Spencer was opining in his usual smug style. He talks in code words and innuendoes. He doesn’t raise his arm in the fascist salute when he’s in a mixed crowd. He keeps his act very sanitized in front of the general public. But make no mistake, this guy is dangerous. He manipulates the press and attempts to make his racist, antisemitic ideology seem, well, not that bad… Unless you’re a Moslem or a Jew or a person of color.
As Spencer went on with his interview, an anarchist dressed in black (they love to dress in black), walked over and punched Spencer upside his head. Spencer staggered as his assailant ran off. The whole thing was over in 5 seconds.
A short video of Spencer’s interview captured the punch. As of Wednesday, over 21/2 million people have watched it on Youtube. It has spawned remixes, setting the punch sequence to music.
I will admit to you that I am one of the people who clicked on the video. A few times. And I will further admit to you that I had no small amount of satisfaction watching this purveyor of hate get nailed. As the son of a Holocaust survivor, I know only too well the lessons of what happens when there is not a serious resistance to hatred. I know what can happen when people say things like, “Oh please: Spencer is an aberration, a goof ball. You can’t take him seriously.”
I take Spencer at this word. I have no doubt that he is earnest in his desire to further the cause of white supremacy. The alt-right movement is not to be taken lightly. We are one of their prime targets.

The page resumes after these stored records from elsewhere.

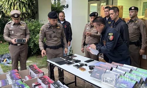 伯乐头条专讯:泰国暖武里警方重拳出击,成功捣毁一个大型电子烟仓库,现场查获超过 8 万件电子烟产品及多件枪械,总价值高达 2400 万泰铢!警方行动由暖武里府警察局局长德察披·空迪少将(Pol. Maj. Gen. Dechrapee Khongdee)亲自带队执行,震动全城。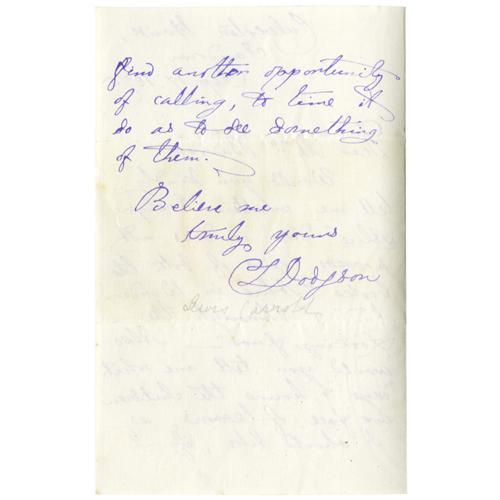Charles L. Dodgson Autograph Letter Signed. Charles L. Dodgson Autograph Letter Signed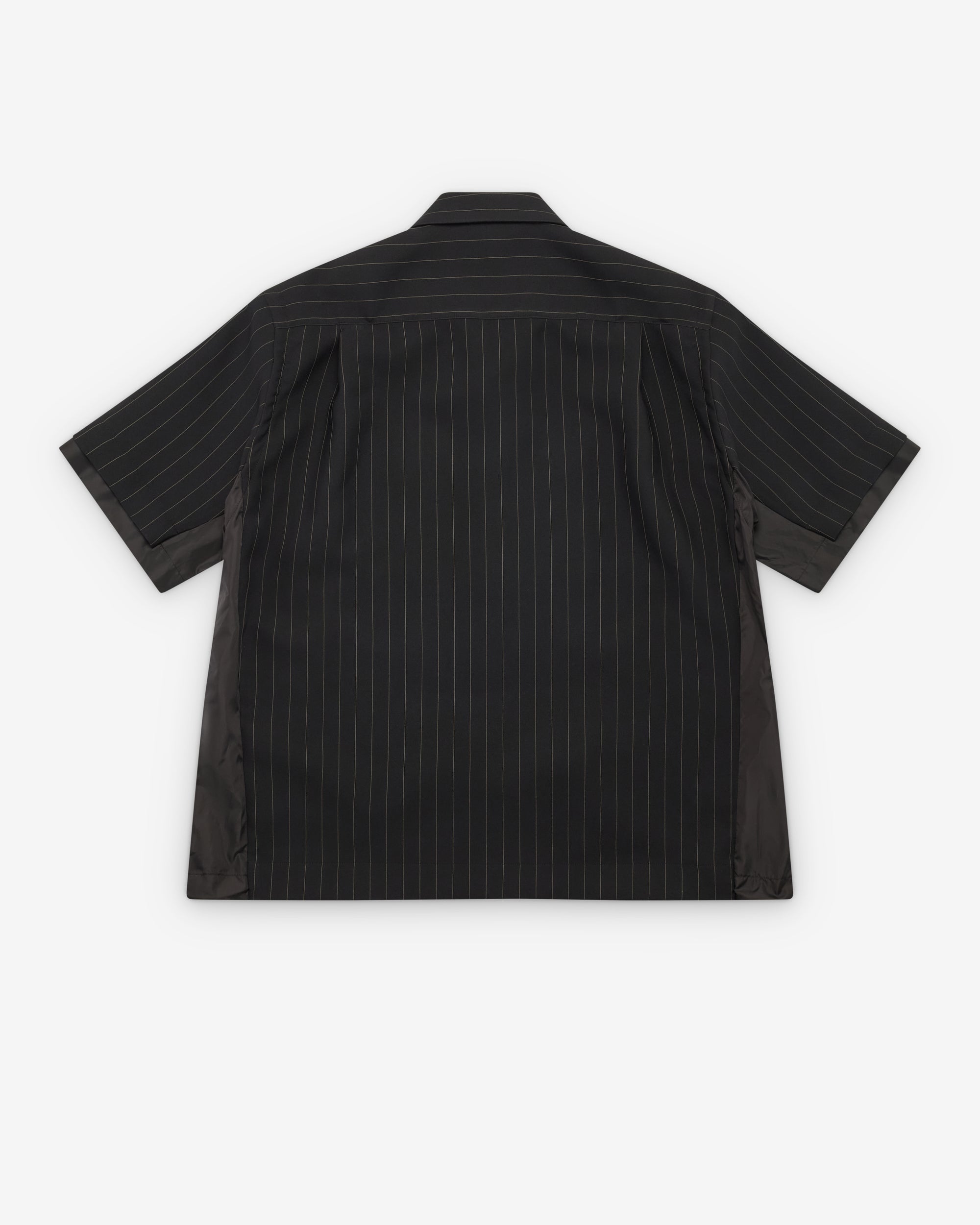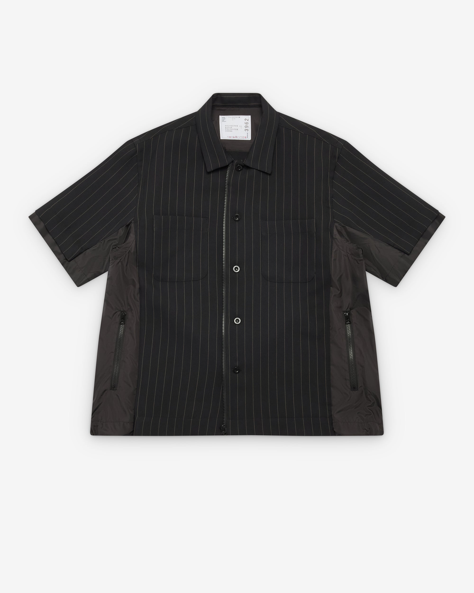 Classic collarZip and button closureShort sleevesContrast panelsTwo zip pockets

Which leads to the ultimate question: is it okay, is it kosher, to punch a hatemonger, neo-Nazi? The calm, rational answer is that of course it’s not okay to attack anyone. After all, if you want to feel safe on the streets, you depend on a social contract stipulating that you can do or say anything as long as you’re not trespassing on someone’s property or physically threatening them.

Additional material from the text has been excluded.